- Developer: Paradox Development
- Publisher: Eidos Interactive
- Designer: Kevin Gill
- Series: Backyard Wrestling
- Platforms: PlayStation 2; Xbox;
- Release: NA: October 7, 2003 (PS2); NA: October 9, 2003 (Xbox); EU: November 7, 2003; JP: April 15, 2004 (PS2);
- Genre: Fighting
- Modes: Single-player, multiplayer

= Backyard Wrestling: Don't Try This at Home =

2003 fighting video game

Backyard Wrestling is a fighting game developed by Paradox Development, and published by Eidos Interactive in 2003 for PlayStation 2 and Xbox.

== Gameplay ==
The goal of backyard wrestling is largely to use the environment to defeat an opponent. The gameplay could be better described as a cross between classic pro wrestling video games and 3D platform fighting like Power Stone.

Aside from the standard backyard locations, Backyard Wrestlings arenas include a truck stop, a slaughterhouse, an outdoor parking lot, a talk show set and a strip club. Each environment is littered with barbed wire-laden bats, fluorescent light bulbs, breakable tables, steel chairs and other objects players may use to injure their opponents.

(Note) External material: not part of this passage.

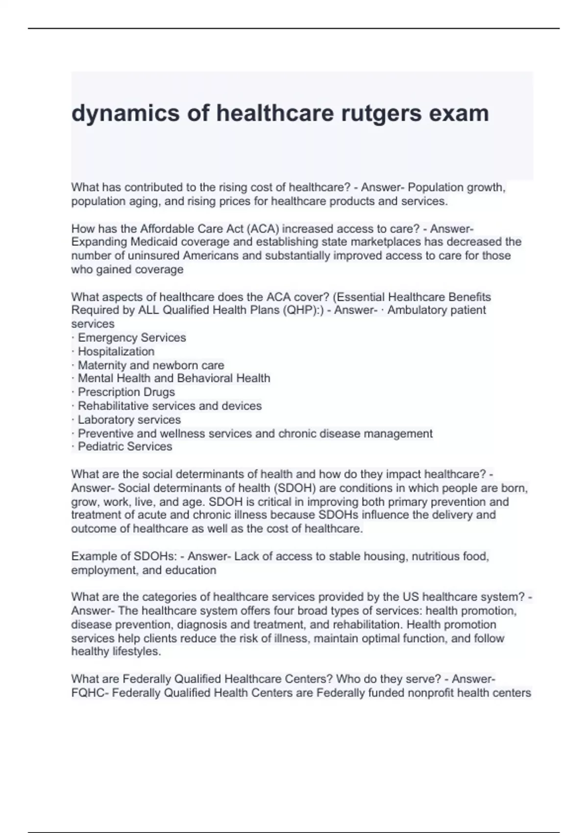 dynamics of healthcare rutgers exam with verified answers

The game has a "Story" like mode, entitled "Talk Show Mode" circling around a show called "Today's Topic", which resembles The Jerry Springer Show. The talk show host, a nameless character that resembles Kevin Gill, one of the game's creators, interviews different victims and personalities of backyard wrestling. After the interview, the character is placed where the victim is and will fight three other backyard wrestlers. They will face three opponents with one health bar.

== Roster ==

- Violent J
- Shaggy 2 Dope
- Mad Man Pondo
- The Rudeboy
- Josh Prohibition
- M-Dogg 20
- JCW's Evil Dead
- Jamie Madrox
- Monoxide Child
- Sabu
- Tom Dub
- Masked Horn Dog
- El Drunko
- El Chicharron
- Karnage
- Gupta
- Masked Mike Jackson
- Sonny D. Chopper
- Atrocity XXX
- Commissioner
- Dameon Redd
- Da Bone Doctor
- Josh Asbill
- Tylene Buck
- Kitana Baker
- Sally
- Jezebel
- Rosie
- Adrianne Pain
- Hernia

== Reception ==

Backyard Wrestling: Don't Try This at Home received "mixed or average" reviews on both platforms according to video game review aggregator Metacritic. In Japan, Famitsu gave the PlayStation 2 version a score of 27 out of 40.

Aggregate score
| Aggregator | Score |  |
| PS2 | Xbox |
| Metacritic | 51/100 | 50/100 |

Review scores
| Publication | Score |  |
| PS2 | Xbox |
| Electronic Gaming Monthly | 5.67/10 | 5.67/10 |
| Game Informer | 5.5/10 | 5.5/10 |
| GamePro | 3.5/5 | N/A |
| GameSpot | 4.7/10 | 4.8/10 |
| GameSpy | 1/5 | 1/5 |
| GameZone | 7/10 | 6.5/10 |
| IGN | 6.5/10 | 6.5/10 |
| Jeuxvideo.com | 8/20 | N/A |
| Play | D+ | D+ |
| TeamXbox | N/A | 6.4/10 |
| Maxim | 2/10 | 2/10 |
| Playboy | 75% | 75% |

== Sequel ==

A sequel to the game, titled Backyard Wrestling 2: There Goes the Neighborhood, was released in 2004 for PlayStation 2 and Xbox.